Troubles bipolaires

Bipolaire ou pas ?

  • Nous avons tous une humeur bipolaire.
  • Seul 1% de la population générale souffre d’un trouble bipolaire typique et 2 à 3% d’une forme atténuée (spectre bipolaire) soit environ 1,5 million de personnes en France.
  • Les concepts médicaux de manie et de mélancolie remontrent à l’Antiquité, mais la description moderne de la maladie maniaco-dépressive remonte à la fin du XIXème siècle.
  • La dénomination de troubles bipolaires s’est imposée internationalement  à la fin des années 1980.
  • Les troubles débutent dans la majorité des cas au sortir de l’adolescence et au début de l’âge adulte, même si des formes très précoces et d’autres plus tardives sont décrites.
  • Les femmes sont autant touchées que les hommes, mais elles présentent plus d’épisodes dépressifs et une évolution souvent moins favorable.

L’origine des troubles bipolaires :

  • Les troubles bipolaires ne sont pas une maladie génétique.
  • plusieurs facteurs (dont certains sont génétiques) sont impliqués dans son développement.
  • Les anomalies de fonctionnement des réseaux cérébraux impliqués dans la régulation des émotions sont aujourd’hui assez bien identifiées par les études d’imagerie cérébrale.
  • L’hyper réactivité émotionnelle est une manifestation du tempérament des patients bipolaires ; elle s’exprime lors des crises pathologiques.
  • L’expression de la maladie résulte d’une interaction entre les facteurs de stresse, les traumatismes affectifs et une vulnérabilité cérébrale préexistante.

Les manifestations des troubles bipolaires :

  • Les troubles bipolaires se caractérisent par le survenu cyclique de phases d’humeur pathologique, maniaques ou dépressives, qui marquent une rupture avec le fonctionnement habituel du sujet.
  • La crise maniaque est un état d’agitation psychique et moteur très intense qui conduit le plus souvent à une hospitalisation.
  • L’hypomanie correspond à une crise maniaque atténuée, et néanmoins pathologique.
  • Les dépressions dans la maladie bipolaire peuvent être dominées par un ralentissement moteur sévère ou caractérisées par une instabilité émotionnelle et comportementale.
  • Les symptômes maniaques et dépressifs peuvent s’associer au cours des crises de la maladie : on parle alors  de caractéristiques mixtes.
  • Entre les crises, des symptômes résiduels persistent une fois sur deux et altèrent la qualité de vie des patients.
  • La mauvaise conscience du caractère pathologique, au début de la maladie et lors de certaines crises, peut conduire à ce que le patient soit hospitalisé et soigné sans son consentement.
  • Au cours de l’évolution du trouble bipolaire, si l’autonomie du sujet est altérée, des mesures de protection (sauvegarde de justice, curatelle, tutelle) peuvent être prononcées par le juge des majeurs protégés.
  • Le trouble bipolaire ne rend pas la personne bipolaire dangereuse pour autrui, sauf si la maladie de complique d’addictions à des substances toxiques.
  • Les personnes bipolaires souffrent une fois sur deux d’addictions à des substances (alcool, tabac, cannabis, cocaïne).
  • 10 % des personnes bipolaires meurent par suicide.
  • Leur espérance de vie est réduite d’une dizaine d’années par rapport à la population général.
  • Les troubles borderline, schizo-affectif et le déficit de l’attention avec ou sans hyperactivité se situent aux confins de la maladie bipolaire.
  • Les troubles anxieux et les troubles des conduites alimentaires peuvent être associés à la maladie bipolaire.

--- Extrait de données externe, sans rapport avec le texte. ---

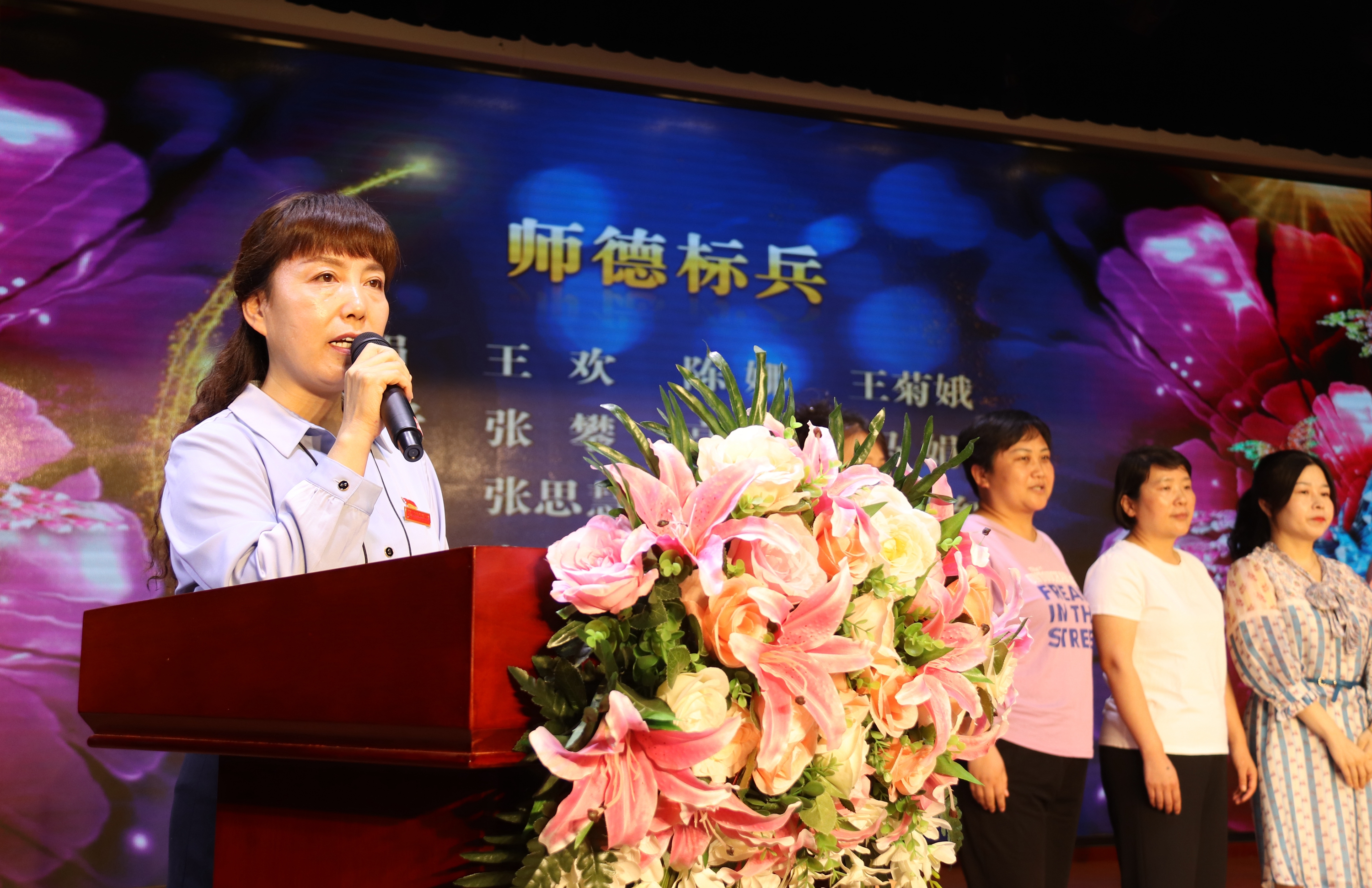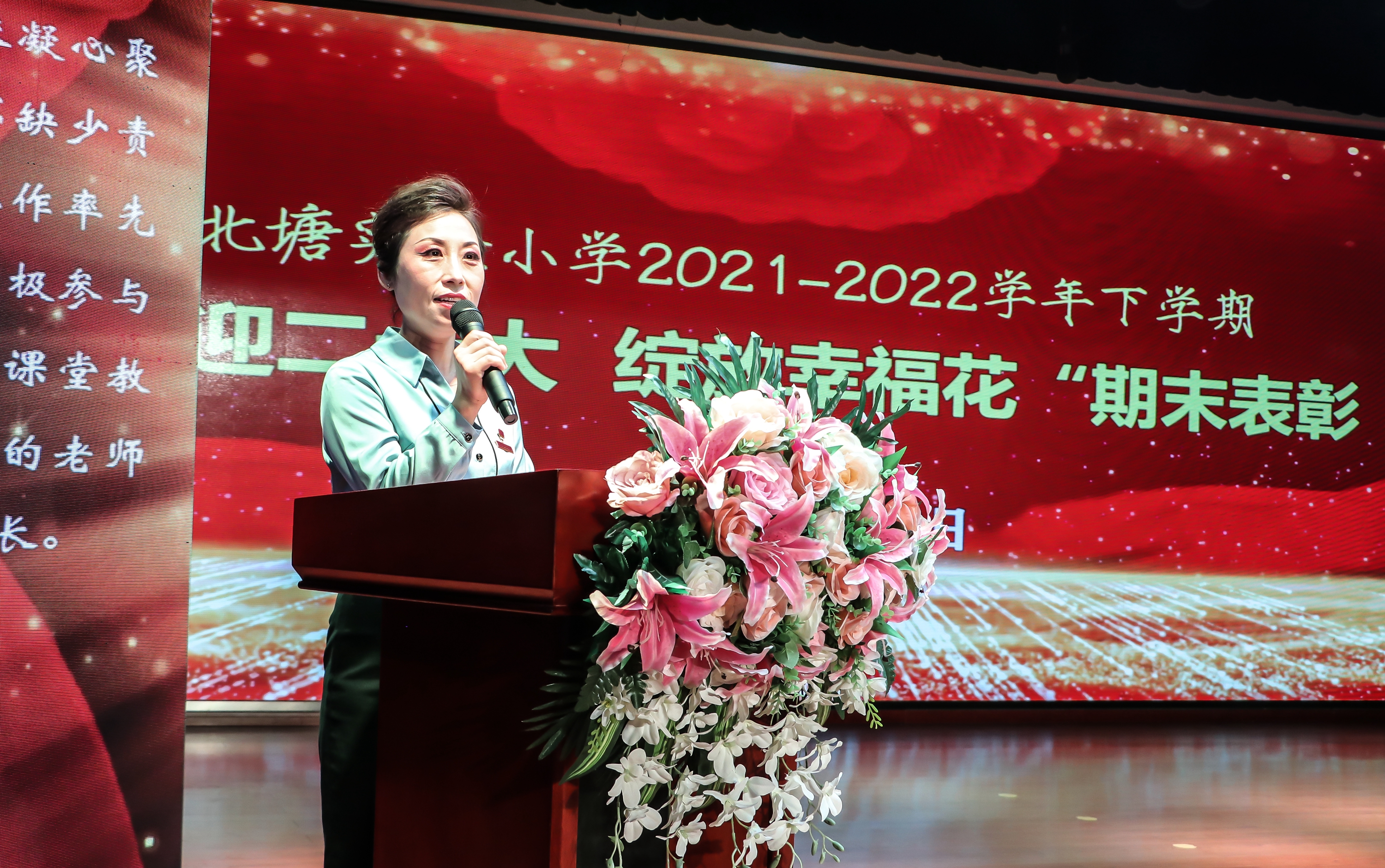 Vice President Liu Xian reads the list of "Outstanding Class Teachers", "Outstanding Grade Leaders", "Outstanding Teachers of the Association", and "Outstanding Teacher for Outstanding Teachers of Quality Education Classroom Activity Center"
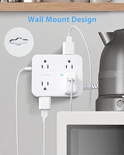 【Wall Mountable Extension Cord with Flat Plug】- The low-profile flat plug fits easily in tight spaces; and the right angle flat plug design prevents bottom plug blocking; the 5ft upgraded braided extension cord is very thick and has better current carrying capacity; the two mounting holes on back allows this power strip to be securely installed in various applications
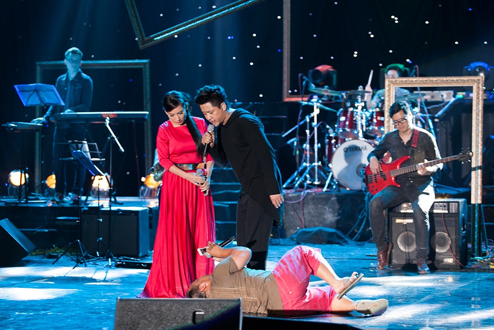 | Hiếu Hiền không ngần ngại nằm xoài trên sân khấu để ghi lại các khoảnh khắc tình tứ của Tuấn Hưng và Phi Nhung. |
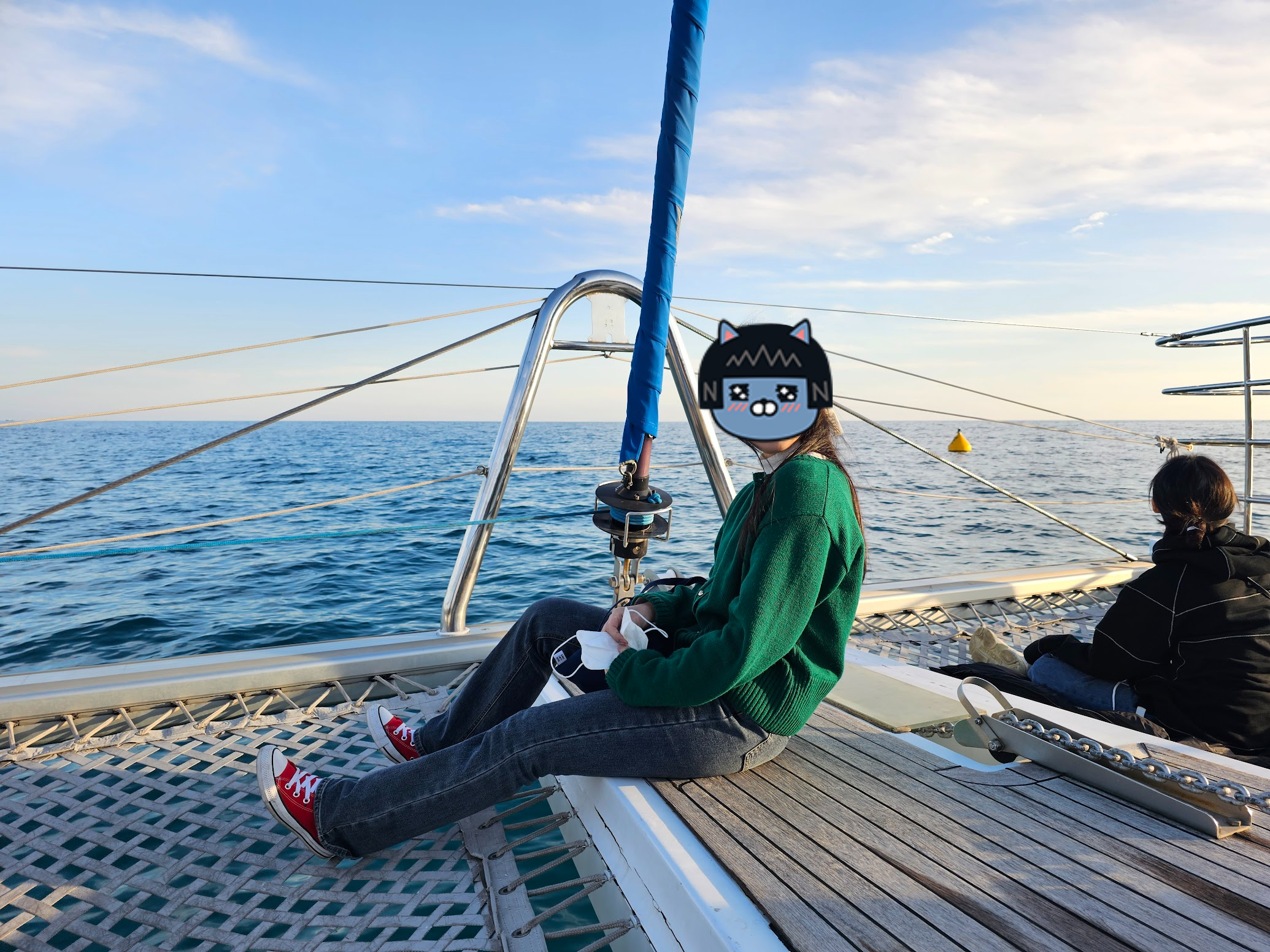 매연을 피해 보트 앞으로 향했다. 아래에 뻥 뚫린 해먹이 걸려 있었는데, 파도가 생각보다 높아서 잘못하면 옷이 젖을 수도 있을 것 같았다.
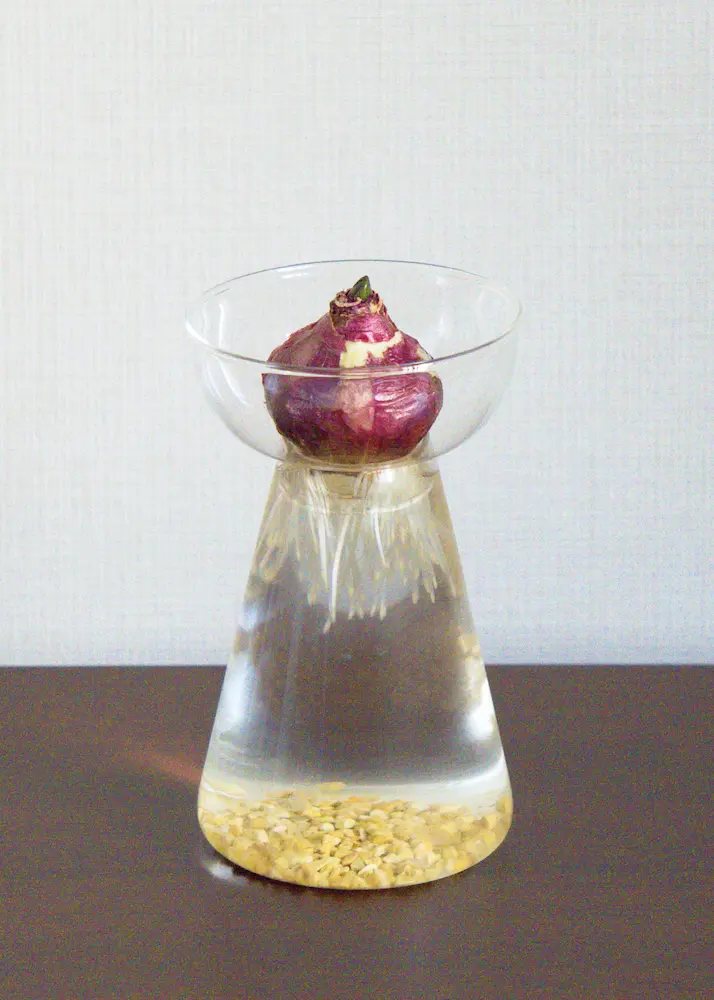 土に植えて、咲きだした球根を掘り出して根を洗って、ガラスなどの容器において鑑賞するのがいろいろはかどる感じ。がします。
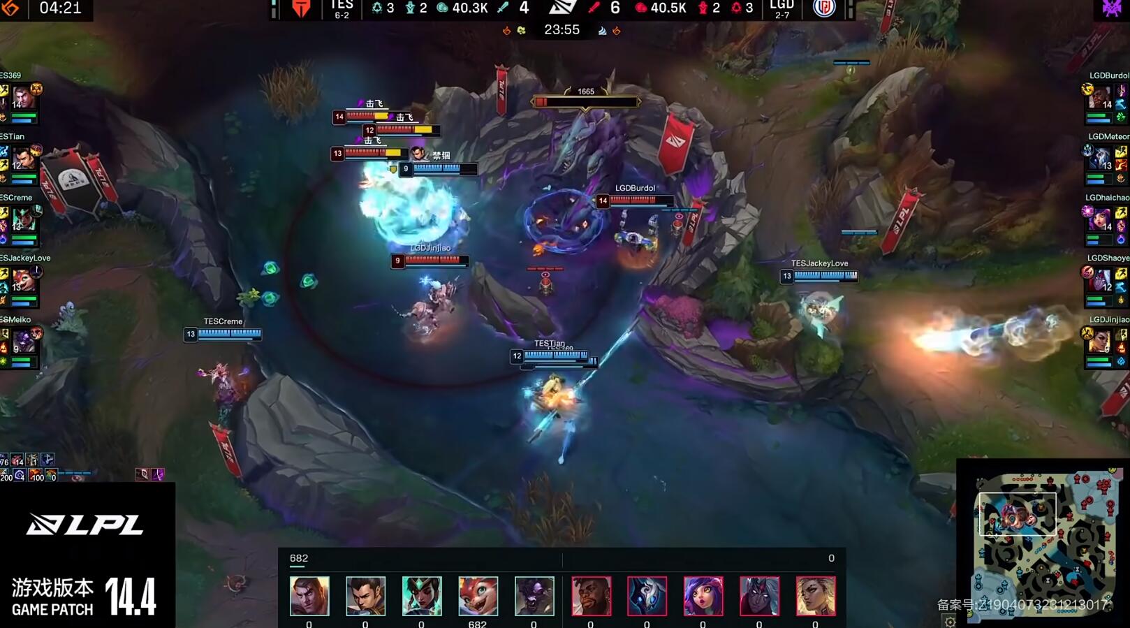 前期TES对线表现出色,Tian前期资源全收并且在上路蹲草配合剑魔拿下杰斯一血,中期LGD中野开始辐射边线,但并没能取得多少战果。
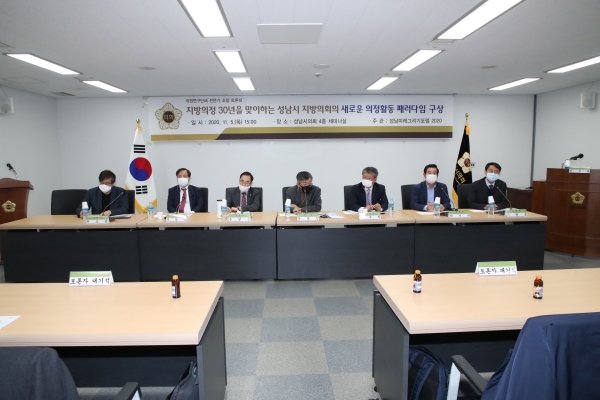 성남시의회 의원연구단체 ‘성남미래그리기포럼 2020(회장 조정식)’은 11. 5.(목) 오후 3시 성남시의회 4층 세미나실에서 ‘새로운 지방분권시대의 지방의회 위상과 역할 강화 방안’이란 주제로 토론회를 실시했다.이번 토론회는 지방의정 30년을 맞이하는 성남시의회의 새로운 의정활동 패러다임을 구상하기 위해 마련했다.
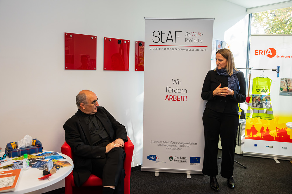 Beim Langen Tag der Beratungsstelle MeinRat kam Bischof Wilhelm Krautwaschl mit langzeitarbeitslosen Menschen ins Gespräch. Die vom AMS Steiermark finanziell unterstützte Einrichtung MeinRat stellt in allen steirischen Regionen Betroffenen ein Angebot zur persönlichen Stabilisierung bereit und erhöht so die Chancen auf eine berufliche Reintegration.
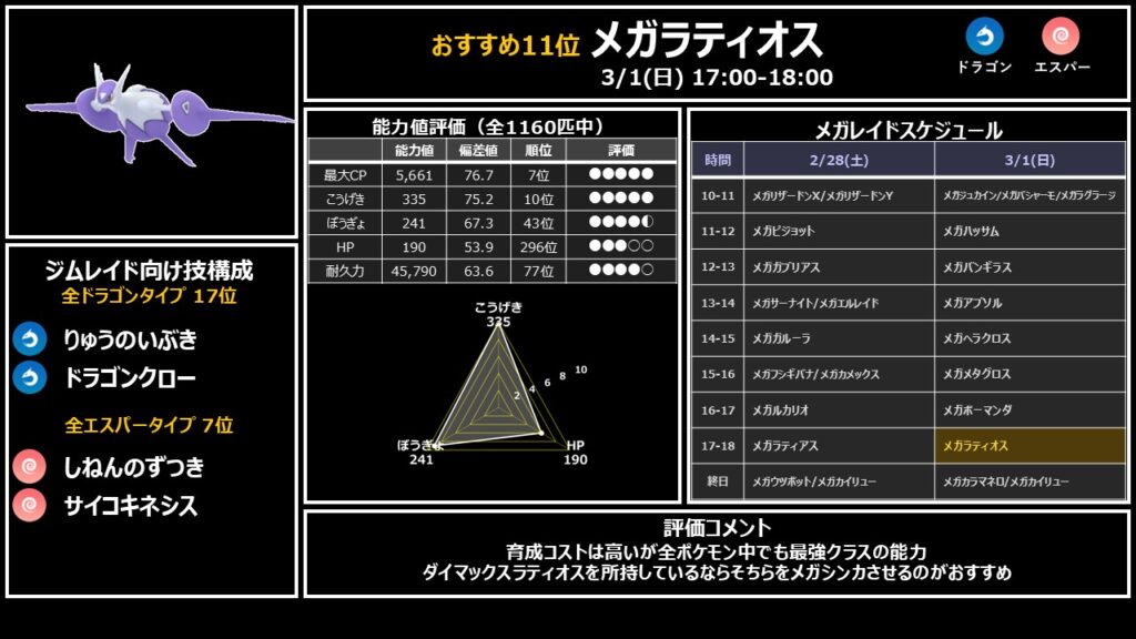 育成コストは高いが全ポケモン中でも最強クラスの能力を持つメガシンカ。ドラゴンタイプは激戦区のため17位に沈むものの、能力値自体は非常に高く、エスパータイプ7位としても運用可能です。

Des maladies somatiques (cardiovasculaires, endocriniennes ou neurologiques) peuvent aggraver l’évolution des troubles bipolaires.

Soins des troubles bipolaires :

  • Personnaliser le traitement consiste à prendre en compte, dans le choix des traitements et des thérapies, l’âge, le sexe, le nombre d’épisodes (maniaques, hypomaniaques, dépressifs), et la tolérance des médicaments déjà prescrits.
  • Le traitement médicamenteux est indispensable pour contrôler la maladie bipolaire. Il est nécessaire sur le très long terme.
  • Le lithium reste le médicament de référence, même s’il est le plus souvent prescrit en association avec d’autres molécules.
  • Le traitement des crises doit être distingué de celui de la prévention des rechutes.
  • Les prises en charge psychologiques jouent un rôle majeur dans l’amélioration du pronostic de la maladie et dans la qualité de vie des patients.
  • Traitements biologiques et thérapies psychologiques doivent être associés pour lutter efficacement contre la maladie bipolaire.
  • Il est souhaitable que, sur le long terme, le suivi soit assuré par un médecin spécialiste.